Don't you just love it when a plan comes together :Cool: 
Hard work well done

----------


## Bill999

> Don't you just love it when a plan comes together
> Hard work well done


Mate I cant wait 
my fishing withdrawals are getting severe

----------


## JoshC

Top job mate! How long has the build taken you?

----------


## Bill999

I got the hull in December so that really was the start date

----------


## deepsouthaussie

Well done. Smashed it out!

Sent from my ALE-L02 using Tapatalk

----------


## JoshC

> I got the hull in December so that really was the start date


Good effort  :Cool:

----------


## Bill999

Im notorious for starting a project and loosing interest in it before its complete, like the 15hp motor I have under my house for the last 4 or 5 years......
so this time I wanted to make sure that I didnt end up doing the same ( the guy I baught it off gave up on it after what looks like 15min of removing the old windscreen)

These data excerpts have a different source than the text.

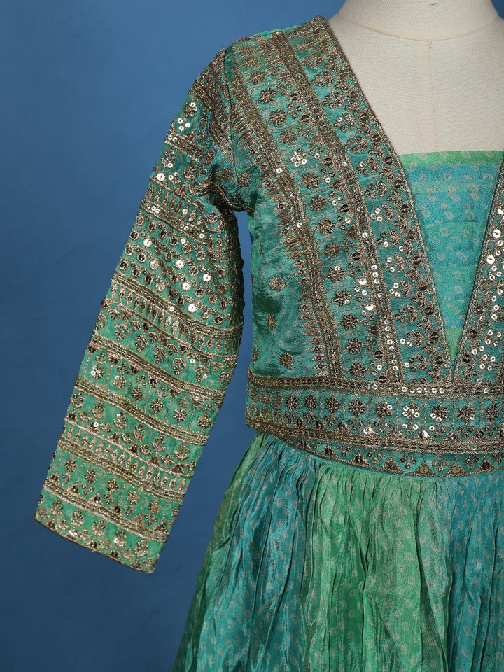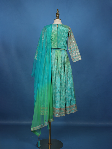 Let your little one sparkle with grace in this light blue silk kids lehenga set, exquisitely designed with delicate floral embroidery and shimmering sequin work. The V-neck blouse, styled with elegant full sleeves, brings a touch of regal charm, while the soft silk fabric ensures comfort without compromising on sophistication.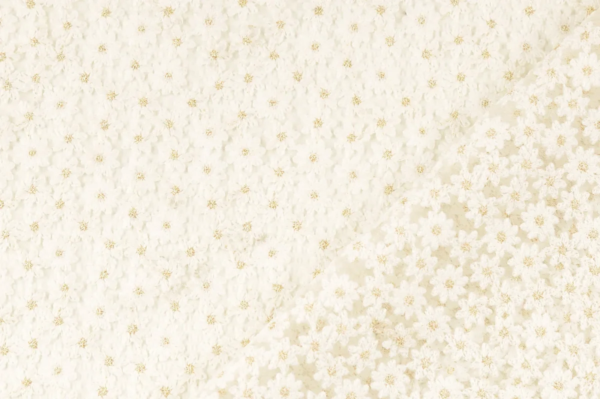 Mooie geborduurde bloemetjes op organza stof met lurex.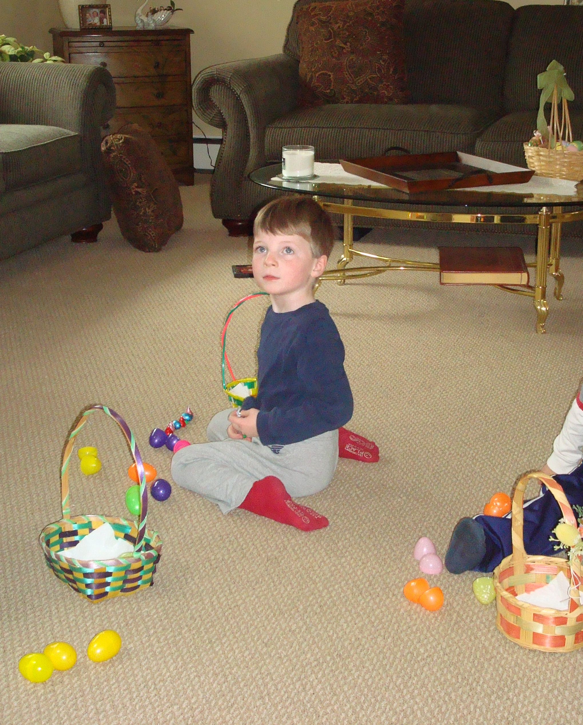 We went to MeMa and Pop-E house for an egg hunt and then eating the candies that were in the eggs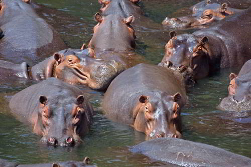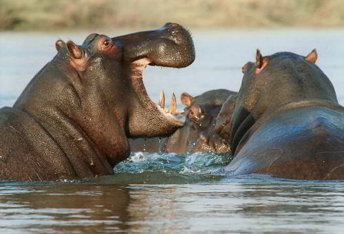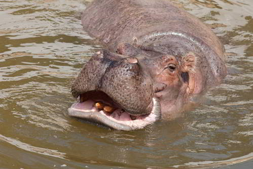 Громоздкие и бочкообразные, казалось бы, бегемоты неуклюжи на земле и в воде. Тем не менее, приспособленность к жизни в полуводной среде позволила им быстро передвигаться в воде и на суше. На земле, они способны развивать скорость до 30 км/час и поддерживать ее в течение нескольких сотен метров. На мелководье их короткие ноги обеспечивают мощное передвижение, а перепончатые лапы позволяют с легкостью перемещаться по дну рек. Расположение глаз, ушей, ноздрей высоко на голове позволяет гиппопотамам большую часть времени оставаться под водой, при этом легко дышать и контролировать обстановку вокруг себя. При полном погружении, бегемот закрывает ноздри и уши, чтобы предотвратить попадание воды в них. Челюсти способны открываться до 150 градусов, обнажая огромные, острые клыки и резцы. Клыки вырастают до 50 см, а резцы – до 40 см, затачиваются клыки друг об друга, во время пережевывания травы.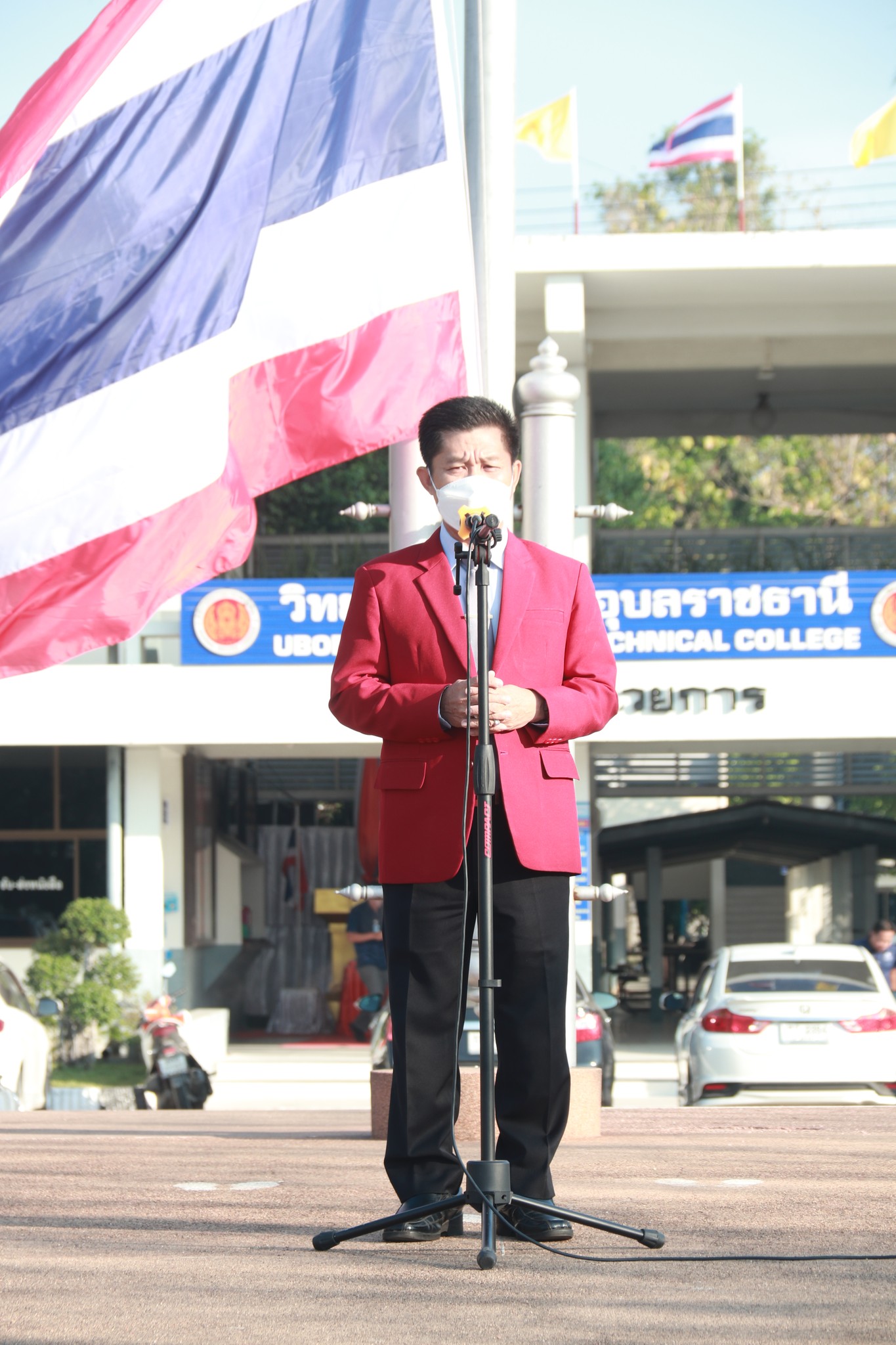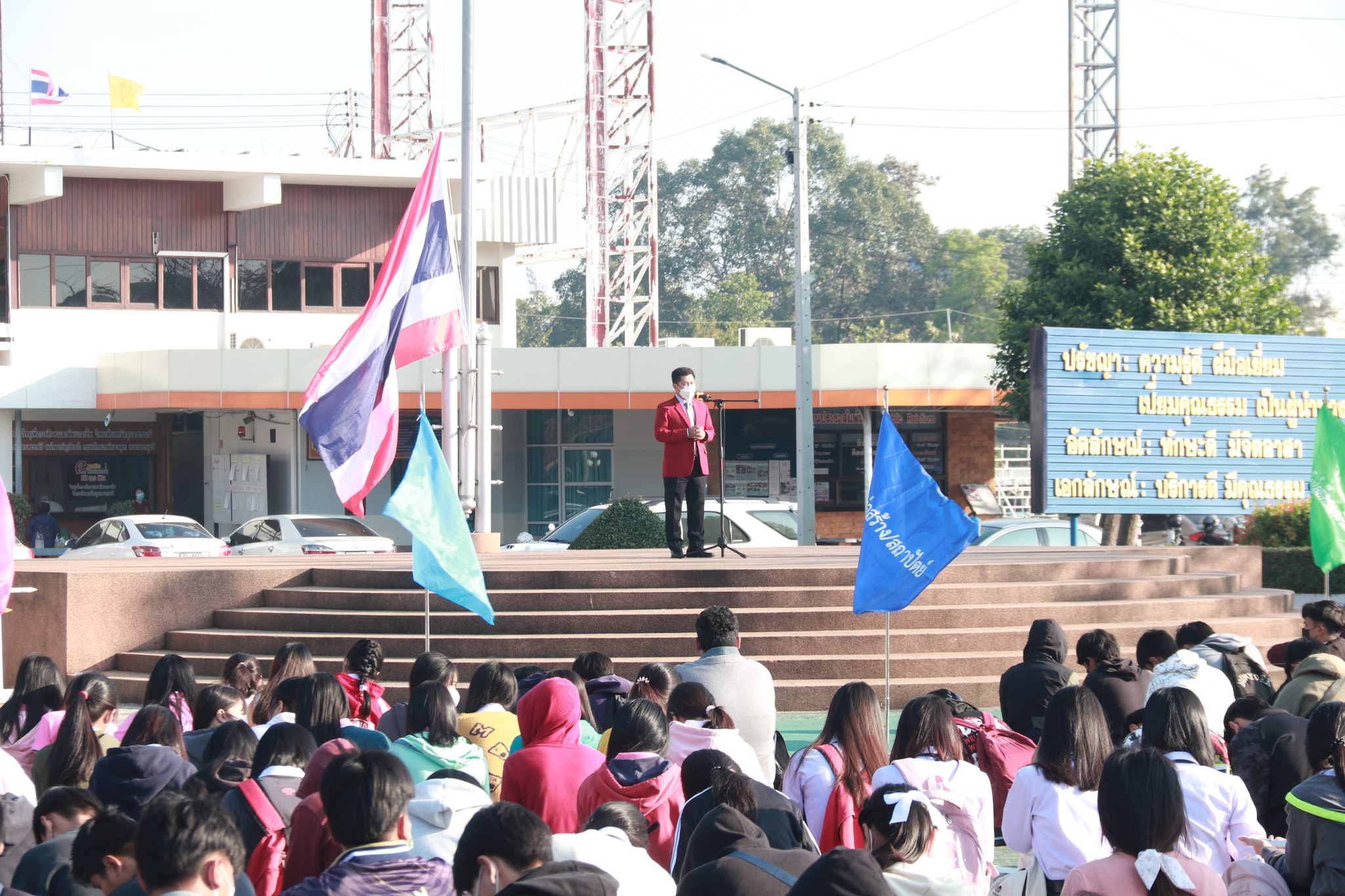 วันที่ ๒๓ ธันวาคม ๒๕๖๕ เวลา ๐๗:๓๐ น. นายธาตรี พิบูลมณฑา ผู้อำนวยการวิทยาลัยเทคนิคอุบลราชธานี ให้เกียรติขึ้นให้โอวาทแก่นักเรียน นักศึกษา ณ ลานกิจกรรมหน้าเสาธง โดยมี นางสาวสายฝน สาระผล รองผู้อำนวยการฝ่ายบริหารทรัพยากร นางราตรี สะดีวงศ์ รองผู้อำนวยการฝ่ายแผนงานและความร่วมมือ นำคณะครู บุคลากรทางการศึกษา และนักเรียน นักศึกษา เข้าร่วมกิจกรรมอย่างพร้อมเพรียง อีกทั้งยังได้เน้นย้ำเรื่องการให้ความสำคัญเกี่ยวกับความรับผิดชอบต่อหน้าที่ของนักเรียน นักศึกษา ปัญหาที่จะเกิดขึ้นในช่วงกิจกรรมกีฬาสี การเคารพในกฎกติกา และการรู้แพ้ รู้ชนะ รู้อภัย นอกจากนี้มีคณะครู หมวดวิชาภาษาต่างประเทศ แผนกวิชาสามัญสัมพันธ์ ได้แนะนำตัวแทนนักเรียน นักศึกษา ที่เข้าร่วมการประกวด Mr. & Miss Christmas 2022 และเชิญชวนให้ร่วมโหวตและเป็นกำลังใจให้ผู้เข้าประกวดอีกด้วย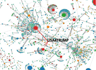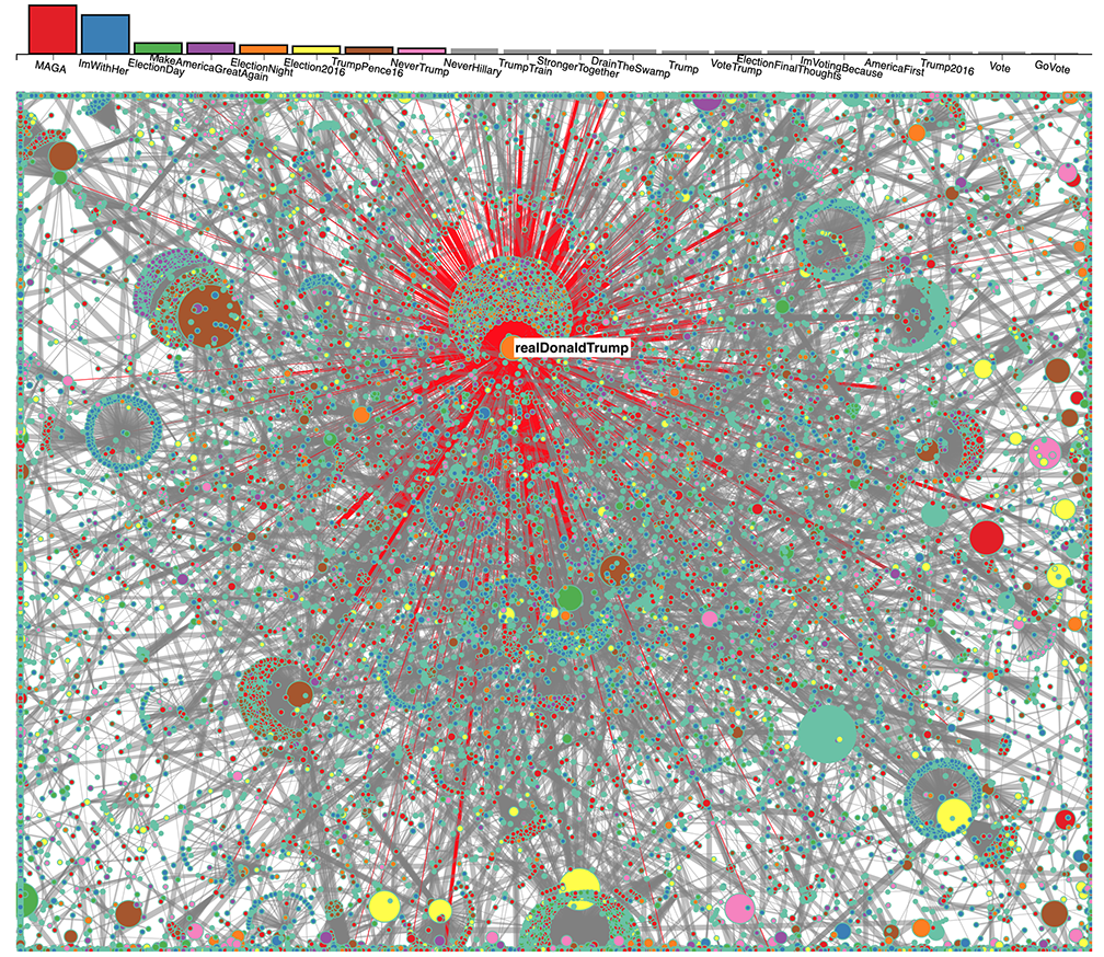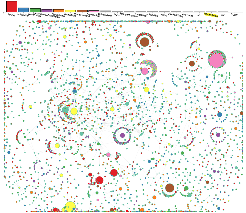 In previous chapters we studied social justice networks and affective publics from the bottom up. The interviews in Chapters 4 and 5 provided further insights into how social justice activists engage social media as part of their larger public presentation, as well as specific strategies such as hashtag hijacking. Now, we look at “gaming” the social media networks for political ends. Our case study is the 2016 presidential election in the U.S., where we visualize the structure of Twitter networks from political hashtags across the ideological spectrum (e.g., #MAGA, #ImWithHer, and #FeelTheBern). We look at network structures across the political spectrum and examine how different political strategies might lead to different network structures. Moreover, we look at the extent to which trolls and bots might influence these Twitter networks, as well as the impact that individual Twitter posters had during critical moments of the campaign, especially during the presidential debates between candidates Donald Trump and Hillary Clinton. A related purpose of this set of data visualizations of Twitter activity is to measure the relative popularity of tweets from Russian-based trolls and bots compared to those made by the candidates, celebrities, and other social media influencers. For instance, a Pew Research Center study predicted that it is bots that post about two-thirds of tweeted links to popular websites, rather than humans.1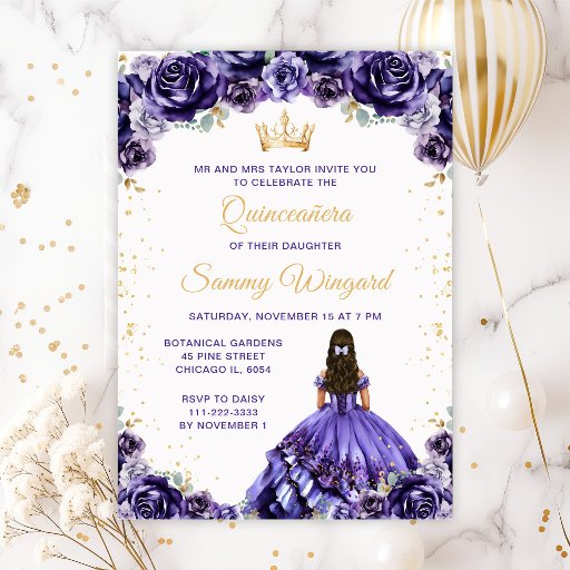 Dieser elegante und glamouröse Quinceañera Geburtstags-Untersetzer besticht durch eine wunderschöne Prinzessin mit dunklem Haar in einem lila, dunklen Ball. Der Text kombiniert handgeschriebene Skripte mit modernen serifenlosen Schriftart für ein elegantes und raffiniertes Aussehen. Die Blumenarrangements und die Goldkonfetti bilden die perfekte Mischung aus rustikal und schick. Grafiken von www.etsy.com/uk/shop/SunflowerDayLove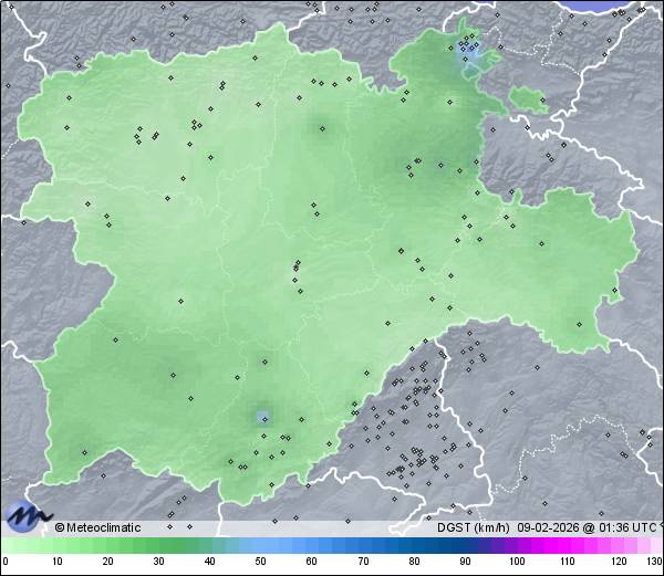 | Actualizado: 00:29 UTC | 9,7°C 84% | 9,8 °C / 87% | | 8,9°C / 81% | | 1 km/h W | | 9 km/h | | 1.006 hPa |

this afternoon is the test run, and tomorro is the real maden voyage 

so hopefully my next post is a positive one  :Grin: 

vhf and fish finder go in today, and I also dishwashing liquid washed the entire interior with a broom to get the spilled powersteering fluid out

----------


## Bill999

Goes like a rocket

----------


## puku

Awesome! Top work man! 

Sent from my SM-G900F using Tapatalk

----------


## Savage1

Awesome thread, I've got a mate that was looking at doing exactly that.

----------


## Bill999

Was a good day out on the water
The tuna / Marlin didn't show up but the snapper helped out by filling the bin

----------


## kimjon

Will done mate, that's a big project to take on and you've done it with style!

Kj

----------


## Bill999

Im pleased with how well it goes, the motor is a honey and the top feels mint, which is awesome because I wasnt sure if I would like it 
now I can finish the fit out to my likeing rather than just for selling it, 

and pop my other boat on trademe to get me back out of the poor house and off my noodle diet haha

----------


## 199p

good job mate looks mint

----------


## Bill999

thanks mate, I think it will look pretty slick once the rocket launcher goes on this week(hopefully) and the carpet goes in

time will tell if i paint it, as its a bit of a prick on alloy aparently 

Just lifting the outboard up a few inches today and looking at changing over the electronics from my old boat

----------


## Bill999

Out with the old



In with the other old but bomb diggity from my old boat



And this other good shit to go in that I'm transporting from my old boat

----------


## Bill999

With the wind trolling in chop
Hangs around 6 against the wind which is pretty sweet in the chop



Happy camper watching Dolphins 



Not really what I was hoping for in the lures

Had a stripy in the gear pull the out rigger clip bit the hook pulled and one rat King to round the day out

----------


## Bill999

Spent a weekend at great barrier fitted the rocket launcher and then spent the next weekend at mayor island
Almost ready to take her to 3 kings

----------


## Bill999

Spent a weekend at great barrier fitted the rocket launcher and then spent the next weekend at mayor island
Almost ready to take her to 3 kings

Attachment 46988

Attachment 46989

Attachment 46990

Attachment 46987

Attachment 46991

----------


## Gibo

Soueast bay  :Thumbsup:  many a rum a drunken in there  :Wink:

----------


## Bill999

I gotta say diving in the marine reserve around the corner was bloody awesome 
the snapper are not at all shy

----------


## kotuku

cool.dog must like it .hes parked up already waitin for you to go on a testdrive.a cracker rig.

----------


## Bill999

dog loves it when the dolphins are around and the birds are working around the boat, the excitement boils over when they turn up

----------